The Russel Middlebrook Series
- Geography Club The Order of the Poison Oak Double Feature The Elephant of Surprise Two Thousand Pounds Per Square Inch Russel Middlebrook: The Futon Years
- Author: Brent Hartinger
- Country: United States
- Language: English
- Genre: Young adult fiction
- Media type: Print (hardback and paperback)

= Russel Middlebrook (series) =

Series of young adult books by Brent Hartinger

Russel Middlebrook is a series of young adult fiction novels written by Brent Hartinger. The series follows the lives and love lives of Russel Middlebrook and his friends as they create the Geography Club, a safe space for gay teenagers and eventually the first Gay-Straight-Bisexual Alliance at their school.

==The Order of the Poison Oak==

“Summer camp is different from high school. Something about spending the night. Things happen.”

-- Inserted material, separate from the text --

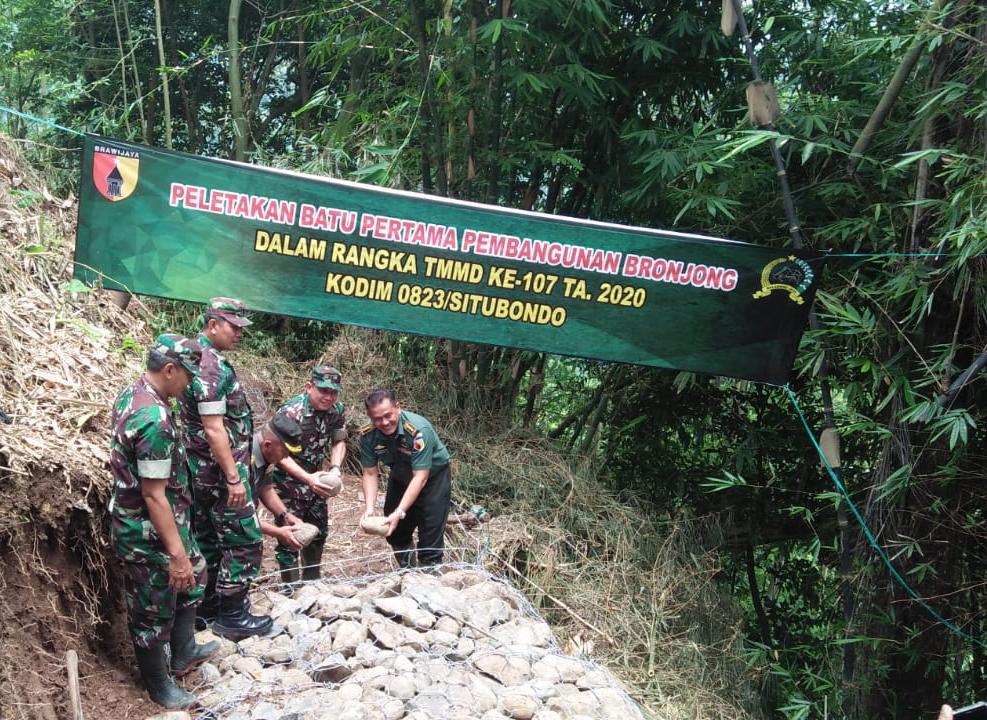 Newshanter.com, Situbondo –Mewakili Pangdam V/Brw, Staf Ahli bidang Komsos Pangdam V/Brw Kolonel Arm Suwanto didampingi Dandim 0823/Situbondo Letkol Inf Ahmad Juni Toa meletakan batu pertama tanda dimulainya pengerjaan sasaran pembuatan bronjong jembatan yang menghubungkan dua desa Tlogosari dan desa Alas Tengah, Kecamatan Sumber Malang, Kabupaten Situbondo, Senin (16/3/20).

Geography Clubs Russel Middlebrook is back, and he and his friends are off to work as counselors at a summer camp. Brent Hartinger's second novel is the story of Indian legends, skinny-dipping in moonlit coves, and passionate summer romance. It's also the story of Russel's latest club, the Order of the Poison Oak, a secret society dedicated to helping its members see life's hidden beauty and accept its sometimes painful sting.

==Double Feature==
The third book in the series (originally released under the name Split Screen) follows Russel, Min, Gunnar, and Kevin as they play extras in a zombie movie that is filming in their town. The book is in two parts, the first part being from Russel's point of view and the second being from Min's.

In the first book, Attack of the Soul-Sucking Brain Zombies, Russel must choose between his long-distance boyfriend and a close-to-home ex named Kevin who wants to get back together. In the second book, Bride of the Soul-Sucking Brain Zombies, Min struggles to accept her cheerleader girlfriend's decision to stay in the closet.

==The Elephant of Surprise==

People aren't always what they seem to be. Sometimes we even surprise ourselves. So discovers seventeen-year-old Russel Middlebrook in The Elephant of Surprise, a stand-alone sequel to Geography Club. In this book, Russel and his friends Min and Gunnar are laughing about something they call the Elephant of Surprise - the tendency for life to never turn out as expected. Sure enough, Russel soon happens upon a hot but mysterious homeless activist named Wade, even as he's drawn back to an old flame named Kevin.

Meanwhile, Min is learning surprising things about her girlfriend Leah, and Gunnar just wants to be left alone to pursue his latest technology obsession. But the elephant is definitely on the move in all three of their lives. Just who is Wade and what are he and his friends planning? What is Leah hiding? And why is Gunnar taking naked pictures of Kevin in the shower?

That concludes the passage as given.